There’s a lot of debate about female novelists getting airbrushed out of the picture over the years, not getting selected for prizes etc. Have you ever been aware of discrimination because of your gender within the writing world? If so, how have you dealt with it?
I don’t feel there has been direct gender discrimination but I do think men tend to be really good at appearing to be confident and authoritative and knowledgeable, which in a literary/journalistic/freelance career can get you a long way.
I tend to suffer from ‘impostor syndrome’ – I spent years as a journalist expecting to be found out at any moment. I’ve been bad at putting myself forward or being ‘pushy’ which again can get you a long way as a freelance writer. Men seem to be less hesitant.
You’ve said Jane Eyre is your favourite chick noir book. (Not sure what chick noir is exactly- women’s Gothic?) What is it about the character of Jane Eyre that attracts you? For years I saw Jane as a bit of a wimp despite loving the book, and took some time to realise her spirit. Aided I must say by an excellent production I saw in Bristol, which really drew out her feminist qualities.
Yes, the ‘chick noir’ point is to show how belittling that term is – if a book like Jane Eyre falls into that category (psychological suspense written by women) then it’s absurd.
My love of Jane Eyre is really simple: it brings me out in goosebumps – physically – every time I read it. It’s a deeply moving story and the madwoman in the attic is archetypally disturbing. I love that Jane is subversive – she’s not pretty, not charismatic, but she’s clever and loyal and stronger than everyone else. I wouldn’t necessarily want to hang out with her but she’s a wonderful character.
What has been your best mistake to date?
Passing up creative writing class when I was doing an M.A at an American university (I was scared I’d be too crap). If I’d done the course, I might have written a novel much earlier without the life experiences I have now. I’d have crashed and burned. Far better to be older and (sort of) wiser.
What do you think has been the most helpful thing you have done, or invested in, re your own career?
Deciding to take my writing seriously and put it first, on a practical level. When writing The Missing One I would give myself 2-3 hours every morning when I’m at my most alert, and then squeeze all other projects – journalism, non-fiction books, non-profit work – into the rest of the day, even if it meant working at odd times. My novel took centre stage, and it enabled me to work seriously and make progress.
Has there been one person who has really helped and inspired you?
My husband, John, has always believed in me, encouraged me and done everything he could to let me write.
What’s the best piece of advice you have been given?
A yoga teacher I loved when I was living in Boston used to say, with a smile:
‘I love you, but I don’t care what you think of me’.
It’s a very, very liberating thought to have floating around your head if you’re afraid of being judged or criticised or if you just feel shy. It works for almost any situation.
What advice would you give to any aspiring writers/journalists?

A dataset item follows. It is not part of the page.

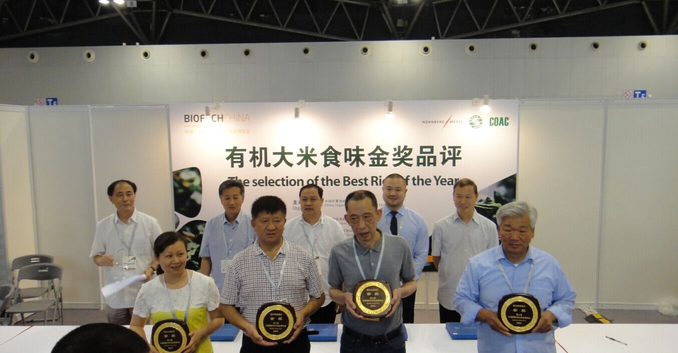 由中国绿色食品发展中心、中绿华夏有机食品认证中心和德国纽伦堡展览服务(上海)有限公司联合主办的,由中国水稻研究所、农业部稻米及制品质量监督检验测试中心承办的第九届中国国际有机食品博览会“有机大米食味金奖品评活动”于2015年5月28-29日在上海浦东新区世博览展馆的博览会现场举行。参加博览会的参展商中有46家经有机认证的品牌有机大米申报参加了本次金奖品评活动。经严格按照国家相关标准制定的《品评实施规则》对应,又经专家组和消费者(观众)二轮品尝打分排序,最终通过组委会的审定,确定了本届博览会品评的食味金奖大米4个、味佳奖大米12个、味优奖大米10个(获奖名单附后),其余为参评优胜奖。

Don’t give up, don’t ever be intimidated by people in positions of power, do believe you have just as much chance as anyone else of doing this, put your writing first. And keep rewriting.
If you could choose an alternative career (it can be anything except journalist/writer) what would you choose and why?
A professor – though I’d be a very bad one as I’m not very detail orientated and I’m quite bad with authority structures. But I love universities and teaching motivated almost adults. I’d still write novels on the side, of course.
Lucy, thank you so much. I’m really looking forward to your next novel, out in 2015. I loved The Missing One and wholeheartedly recommend it for some great summer reading.